Ancient Greece: The Greatest Show on Earth

The second part of Michael Scott’s series about Greek drama & Greek history talk about how when democracy & Athenian supremacy wobbled drama managed to broaden its appeal & go from strength to strength. One of the changes was the rise to prominence of actors, and the restaging of old plays – when drama first started it was the playwright who was the only named individual involved (in terms of records that come down to us) and the plays performed were the new ones for the festival that year. But over the 4th Century BC there begin to be awards for actors at the festival, and often the old classics are staged after the new plays. And this is really why we have copies of the surviving plays – the old classics were copied out many times, and so managed to survive intact.

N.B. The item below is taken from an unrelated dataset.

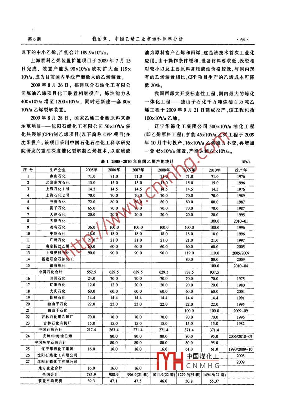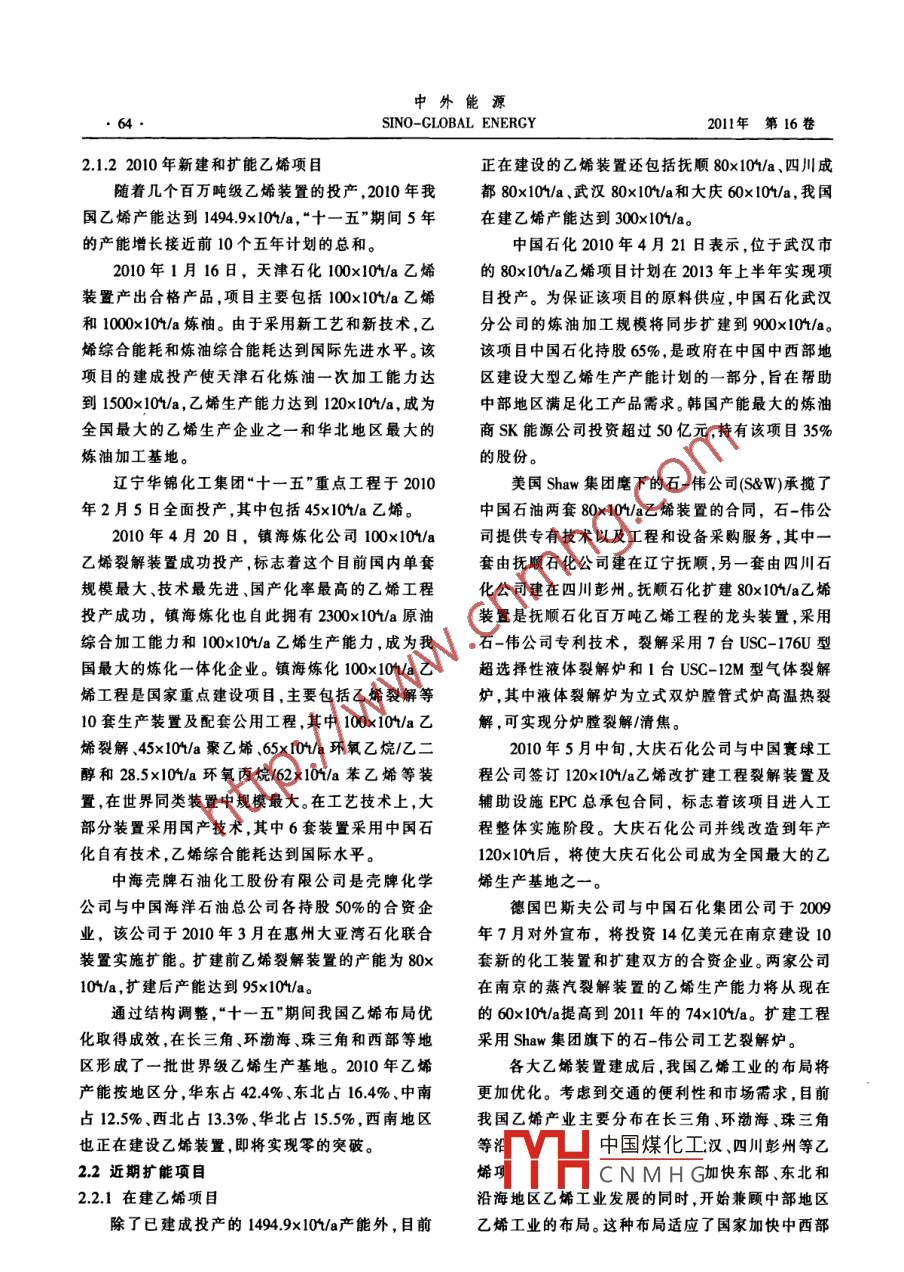 中外能源第16卷第6期●62.SINO-GL0BAL ENERGY2011年6月《煉油與化工技術(shù)>中國乙烯工業(yè)市場(chǎng)和原料分析錢伯章(上海擎督信息科技公司金秋能源石化T.作室,上海200127)摘要近年來我國乙烯T.業(yè)發(fā)展迅猛,2010年乙烯產(chǎn)能達(dá)到1494.9x10t/a,巳投產(chǎn)的27套乙嬌裝置平均規(guī)模達(dá)到55.37x10t/a;在建乙烯產(chǎn)能達(dá)到300x10%/a ;2010年乙烯產(chǎn)量為1418.78x104. 節(jié)能降耗.T.作也取得成效.2011年1月中國石化乙烯能耗首次降至592kg標(biāo)油/1,與2010年乙烯能耗水平相比,1個(gè)月可降低成本2400萬元。2010年我國乙烯表觀消費(fèi)址達(dá)到1496.88x101,乙烯當(dāng)量消費(fèi)也快速增長(zhǎng),2010年達(dá)到約3315x10*.預(yù)計(jì)2015年將達(dá)到4003x10+.乙烯當(dāng)量消費(fèi)缺口較大,表明我國乙烯T.業(yè)仍有一定發(fā)展?jié)摿?。與此同時(shí),乙烯裝暨國產(chǎn)化率正在提高,乙烯三機(jī)等關(guān)鍵設(shè)備“十一五"期間陸續(xù)實(shí)現(xiàn)國產(chǎn)化,目前乙烯裝置國產(chǎn)化率已達(dá)到75%左右。但與國際先進(jìn)水平相比.還存在較大技術(shù)差距,裝備的可靠性和穩(wěn)定性還有待進(jìn)-步提高。在快速發(fā)展的同時(shí),也要清醒地看到我國乙烯行業(yè)發(fā)展正面臨全球乙烯產(chǎn)能過剩、存在步人周期性下降趨勢(shì)的預(yù)期和潛在風(fēng)險(xiǎn)、中東石化產(chǎn)品對(duì)我國市場(chǎng)構(gòu)成巨大壓力等。我國大部分乙烯產(chǎn)能都以石腦油為原料.正面臨原料資源供應(yīng)日趨緊張的問題,預(yù)計(jì)2011年中國將成為亞洲最大的石腦油消費(fèi)國。對(duì)此,應(yīng)密切關(guān)注以煤作為替代原料采用MTO技術(shù)的T.業(yè)化進(jìn)程,同時(shí)要加快開發(fā)新的乙烯生產(chǎn)技術(shù)路線,盡可能以天然氣、干氣為原料,開發(fā)用甲烷,乙烷、丙烷和丁烷為主要原料的低成本乙烯生產(chǎn)技術(shù)路.線。甲醇制烯烴.重油催化熱裂解制乙烯.生物質(zhì)乙醇脫水制乙烯等將面臨發(fā)展機(jī)遇。.關(guān)鍵詞乙烯產(chǎn)能能耗當(dāng)量消費(fèi)國產(chǎn)化原料生物質(zhì)1前言產(chǎn)能785.9x10*/a , 2009年為1279.9x10%/a ,2010年乙烯主要用于生產(chǎn)聚乙烯(高密度聚乙烯、低達(dá)到1494.9x10%/a, 已投產(chǎn)的27套乙烯裝置平均密度聚乙烯、線性低密度聚乙烯)、環(huán)氧乙烷、二氯規(guī)模達(dá)到55.37x104/a,見表1。乙烷/氯乙烯單體和乙苯。截至2011年1月底,高2.1.1 2009 年新建和擴(kuò)能乙烯項(xiàng)目密度聚乙烯為乙烯最大消費(fèi)領(lǐng)域,約占乙烯需求的福建聯(lián)合石油化工公司80x104/a、 上海賽科石1/3,其次是線性低密度聚乙烯和低密度聚乙烯。另油化工有限公司擴(kuò)能29xl0t/a.沈陽石蠟化工有限外,環(huán)氧乙烷消費(fèi)約占全球乙烯需求的11%,二氯公司催化熱裂解制乙烯50x104/a(乙烯15x10/a).乙烷和乙苯次之,其他占7%。德國咨詢公司塞日獨(dú)山子石化公司100x10/a、遼寧華錦化工集團(tuán)公薩拿(Ceresana)的研究報(bào)告稱,到2017年需求增幅司擴(kuò)能45x10/a--新建3套、擴(kuò)能2套,使產(chǎn) 能最大的將是環(huán)氧乙烷,線性低密度聚乙烯和高密度達(dá)到1279.9x10%/ao 2009年我國共有23家乙烯生聚乙烯預(yù)計(jì)將以年均3.5%~4.5%的速度增長(zhǎng)。產(chǎn)企業(yè),25套裝置,裝置平均規(guī)模50.80x10%/a。其經(jīng)過數(shù)十年的發(fā)展,特別是在“十一五”期間,中單套規(guī)模達(dá)到80x104/a以上的有3套,產(chǎn)能合我國乙烯工業(yè)取得了舉世矚目的進(jìn)步,同期世界新計(jì)319x10Y/a;單套規(guī)模在60x10*~80x10t/a的有建的乙烯裝置大多集中在中國。隨著一系列乙烯裝11套,產(chǎn)能合計(jì)772x10%/a;其余11 套為60x10%/a置的建成投產(chǎn),到2010年底我國乙烯總產(chǎn)能達(dá)到1494.9x104/a,成為全球僅次于美國(2755.4x 10t/a)的第二大乙烯生產(chǎn)國。中國煤化工作-98年畢業(yè)于華東理工2中國乙烯產(chǎn)能和產(chǎn)量大MHCNMH G東高橋分公司,現(xiàn)主要2.1產(chǎn)能從事石油化工技術(shù)和經(jīng)濟(jì)信息調(diào)研工作。近年來,我國乙烯工業(yè)發(fā)展迅猛,2005年乙烯E-mail:be cqian@163.com第6期錢伯章,中國乙烯工業(yè)市場(chǎng)和原料分析●63以下的中小乙烯,產(chǎn)能合計(jì)189.9x10t/ao油為原料富產(chǎn)乙烯和丙烯,這是該技術(shù)首次工業(yè)化上海賽科乙烯裝置擴(kuò)能項(xiàng)目于2009年7月15應(yīng)用。由于操作條件緩和、設(shè)備材料要求低、投資相日完成,裝置產(chǎn)能從90x10%/a成功擴(kuò)大至119x對(duì)較小以及主要原料常壓渣油價(jià)格較低,與國內(nèi)現(xiàn)10t/a,成為目前國內(nèi)單線產(chǎn)能最大的乙烯裝置。有的乙烯裝置相比,CPP項(xiàng)目生產(chǎn)的乙烯成本可降2009年8月26日,福建聯(lián)合石油化工有限公低20%。司煉油乙烯項(xiàng)目化工裝置相繼投產(chǎn),煉油能力從我國西部大開發(fā)標(biāo)志性工程.國內(nèi)最大的煉化400x104/a增至1200x104/a,同時(shí)還新建一套80x一體化工程-一獨(dú)山 子石化千萬噸煉油百萬噸乙10%/a乙烯裂解裝置。烯工程于2009年9月21日建成投產(chǎn),該工程包括2009年8月28日,國家乙烯工業(yè)新原料來源100x10%/a乙烯。示范項(xiàng)目一沈陽石蠟化工有限公司50x10%/a催遼寧華錦化工集團(tuán)公司500x10%/a油化工程化熱裂解(CPP

Comedy also shifted in form – at the start of the period they were bawdy and pointedly aimed at current personages & situations whilst being nominally about myths. Whereas by the end of the period the bawdiness was toned down (no more strap on phalluses, as Scott put it) and the tone had shifted to being about ordinary people and stock character types. Much closer to modern comedy, in fact. This was part of how drama’s appeal was broadening as Athens and its democracy ceased to be the centre of the Greek world. Drama was becoming entertainment rather than a part of the political process. And that increased popularity across the Greek world meant that when the Macedonians (under first Philip & then Alexander) were taking over much of the known world they also spread theatres and drama throughout the empire.

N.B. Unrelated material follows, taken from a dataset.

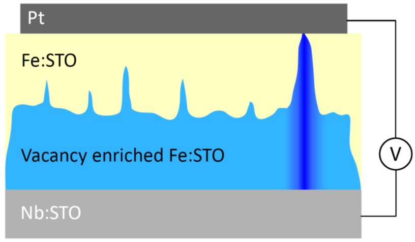 The important consequence is that before breakdown is achieved during the electroforming, a homogeneous front of vacancy enrichment propagates into the material. Furthermore, the Fe K-edge XANES at the filament location is interpreted via full multiple-scattering calculations and indicates oxygen vacancy clustering in the first shell of Fe [4]. The oxygen vacancy distribution in the formed device is sketched in Figure 3.
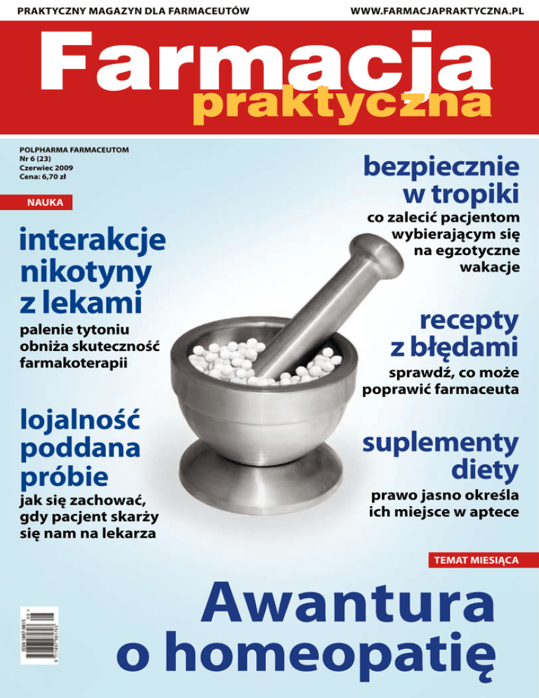 PRAKTYCZNY MAGAZYN DLA FARMACEUTÓW POLPHARMA FARMACEUTOM Nr 6 (23) Czerwiec 2009 Cena: 6,70 zł NAUKA interakcje nikotyny z lekami palenie tytoniu obniża skuteczność farmakoterapii lojalność poddana próbie jak się zachować, gdy pacjent skarży się nam na lekarza WWW.FARMACJAPRAKTYCZNA.PL bezpiecznie w tropiki co zalecić pacjentom wybierającym się na egzotyczne wakacje recepty z błędami sprawdź, co może poprawić farmaceuta suplementy diety prawo jasno określa ich miejsce w aptece TEMAT MIESIĄCA Awantura o homeopatię Nr 6(23) czerwiec 2009 18 20 Aktualności 5 Informacje 8 Ciekawostki 10 Raport: Awantura o homeopatię Spór między Naczelną Radą Lekarską a Ministerstwem Zdrowia o zasadność stosowania leków homeopatycznych przybiera na sile. 26Wpływ nikotyny na wchłanianie leków farmaceutyczna 15Perindopril w chorobach kardiologicznych Badania dowodzą jego wysokiej skuteczności w leczeniu nadciśnienia tętniczego i choroby wieńcowej. 18 Ruszyła kolejna edycja EPE – AFP Szkolenia Akademii Farmacji Praktycznej dają szansę na zdobycie tzw. „twardych punktów”. 20 B ezpiecznie w tropiki Co zalecić pacjentom wybierającym się na egzotyczne wakacje. 22 L ojalność poddana próbie Jak się zachować, gdy pacjent w naszej obecności zaczyna skarżyć się na lekarza? Prawo 14Suplementy diety w aptece Zasady prawidłowej, czyli zgodnej z prawem ekspozycji suplementów diety w aptece wyjaśnia mgr farm. Małgorzata Szelachowska, Mazowiecki Wojewódzki Inspektor Farmaceutyczny w Warszawie. „Farmacja Praktyczna” 22 Opieka 12 Sonda: Homeopatia – lek czy placebo? Konsekwencje awantury o homeopatię mogą mieć w przyszłości bezpośrednie przełożenie na praktykę farmaceutyczną – tym bardziej, że swoje stanowisko w tej sprawie zajęła już Naczelna Izba Aptekarska. Spis treści Prowadzenie apteki 24Błędy na receptach – co farmaceuta może poprawić Sprawdź, jakie recepty są kwestionowane przez NFZ i które z błędów pojawiających się na receptach może poprawić farmaceuta. Redaktor merytoryczna: Barbara Misiewicz-Jagielak Redaguje zespół: Dominika Bandurska, Lilianna Bartowska -Lewicka, Marta Gawrylik, Justyna Grudniak, Maciej Jarosz, Monika Jasłowska, Magdalena Mikulska, Barbara Misiewicz-Jagielak, Joanna Ordańska, Bożenna Płatos, Artur Schab, Izabela Sundmann. Nauka Palenie tytoniu obniża skuteczność farmakoterapii. 28Indapamid w walce z nadciśnieniem 60 proc. populacji powyżej 60. r.ż. ma nadciśnienie tętnicze. 31Metamizol zweryfikowany Wyniki najnowszych badań oceniających profil bezpieczeństwa metamizolu. Życie jest piękne 34 Metamorfozy 36 Parmigiano Reggiano – krucha muza poetów 37 Kuchnia farmaceutyczna 38 Pływaj zdrów! 39 Z życia farmaceuty Zabawne historie z codziennej praktyki. 40 Recenzje książek, filmów i płyt 42 Krzyżówka Na zlecenie: Polpharma Biuro Handlowe Sp. z o.o., ul. Bobrowiecka 6, 00-728 Warszawa Wydawca: Valkea Media S.A., ul. Elbląska 15/17, 01-747 Warszawa Redaktor naczelny: Łukasz Kuźmiński Dyrektor projektu: Tomasz Opiela Projekt graficzny: Wojciech Jastrzębski zdjęcia: istockphoto/stocxpert/dreamstime/123RF www.farmacjapraktyczna.pl 3 Edytorial Szanowni Państwo! Spór o homeopatię, jaki toczy się między Naczelną Radą Lekarską a Ministerstwem Zdrowia, przybiera na sile. Przedstawiciele Izby tłumaczą, że leki homeopatyczne to substancje o zerowej skuteczności i jako takie nie powinny być ordynowane pacjentom. Tu Izba podpiera się etyką zawodową, która zabrania lekarzom zalecania preparatów o niepotwierdzonym działaniu. Resort odpiera te zarzuty, mówiąc, że skoro leki homeopatyczne zostały dopuszczone na polski rynek, to lekarze mogą, a nawet powinni przepisywać je chorym. Głos w sprawie zabrała też Naczelna Izba Aptekarska, opowiadając się po stronie Ministerstwa. Strony zaciekle bronią swoich stanowisk, co oddala możliwość osiągnięcia porozumienia. Konflikt trwa i warto mu się bacznie przyglądać – co niniejszym czynimy na łamach czerwcowej „Farmacji Praktycznej”, bo jego konsekwencje będą miały w przyszłości bezpośrednie przełożenie na praktykę farmaceutyczną. W tym wydaniu naszego magazynu znajdą Państwo również artykuł dotyczący zasad prawidłowej, czyli zgodnej z prawem ekspozycji suplementów diety w aptece oraz tekst dotykający problemu lojalności zawodowej. Jego lektura dostarczy Państwu cennych porad, jak zachować się w sytuacji, kiedy pacjent w Waszej obecności narzeka na lekarza. Ponadto polecamy artykuł o tym, które z błędów na receptach ma prawo korygować farmaceuta oraz tekst poświęcony interakcjom nikotyny z lekami, z którego wynika, że palenie tytoniu może obniżać skuteczność prowadzonej farmakoterapii. Zachęcamy do odwiedzenia naszej strony www.farmacjapraktyczna.pl. Oprócz tekstów z drukowanej wersji naszego magazynu znajdą tam Państwo wiele ciekawych artykułów na temat diety, stylu życia i kultury. mgr farm. Barbara Misiewicz-Jagielak Serdecznie zapraszamy do lektury! Redaktor Merytoryczna „Farmacji Praktycznej” 4 Farmacja Praktyczna 6 / 2009 Informacje Fundusz ma coraz mniej pieniędzy Leczenie WZW B odbiega od wytycznych Narodowy Fundusz Zdrowia alarmuje, że nie zapłaci placówkom medycznym za leczenie pacjentów poza wyznaczonym limitem zabiegów. Pacjenci obawiają się, że kolejki do specjalistów będą coraz dłuższe – donosi serwis RynekZdrowia.pl. Z danych, jakie przedstawia Ministerstwo Pracy i Polityki Społecznej wynika, że coraz więcej Polaków jest bez pracy. Do końca kwietnia było ich już 1,7 mln. Wzrost liczby osób, które są bezrobotne powoduje wpływ mniejszych środków z tytułu składek zdrowotnych. Kryzys gospodarczy sprawił, że nawet ci, którzy pracują, zarabiają z reguły mniej i składki zdrowotne odprowadzane przez pracodawców są również mniejsze. Przez trzy pierwsze miesiące 2009 r. do budżetu NFZ wpłynęło ze

The next part promises to be about the Romans, and their reaction to/inheritance of Greek drama.

John Sergeant on Tracks of Empire

This is a two part series about the railways in India. The premise is that John Sergeant travels the length and breadth of India on the train, and talks about the history both of the railroad and of India during and post British Empire. In this episode he travelled from Calcutta west & north-west towards the Pakistan border. Along the way he talked about the railway towns that grew up to house the men who worked on the railway. He met some of the modern day railworkers, who are devoted to the job of keeping the network running – regarding it as a vital service to their country. He also talked about modern disruption to the rail network by violent protests (blowing up bits of track etc) and about past violence. This included visiting a house besieged during the “Indian Mutiny”. He’s more pro-Empire than is currently fashionable, and this segment made me wince a bit because he was playing up the clueless Englishman abroad thing with “but don’t you think the British soldiers were heroic” while talking to a group of Indians who regarded the leader of the siege as the true hero – the start of the fight for independence. And I felt it came across as a bit patronising, particularly in the context of “paternalistic” attitudes from the British Empire back in its heyday.

The programme finished at the India/Pakistan border. He talked to some people who’d lived through the appalling violence after the partition of India post-independence, which was particularly disturbing to watch. And the next & last segment was filmed at the border itself – the two armies in their fancy uniforms prancing around like something out of a Monty Python sketch, while citizens of each country chanted encouragement like they were at a football match. For all it was funny to see, it was sobering too – keeping the tribalism going and the wounds open.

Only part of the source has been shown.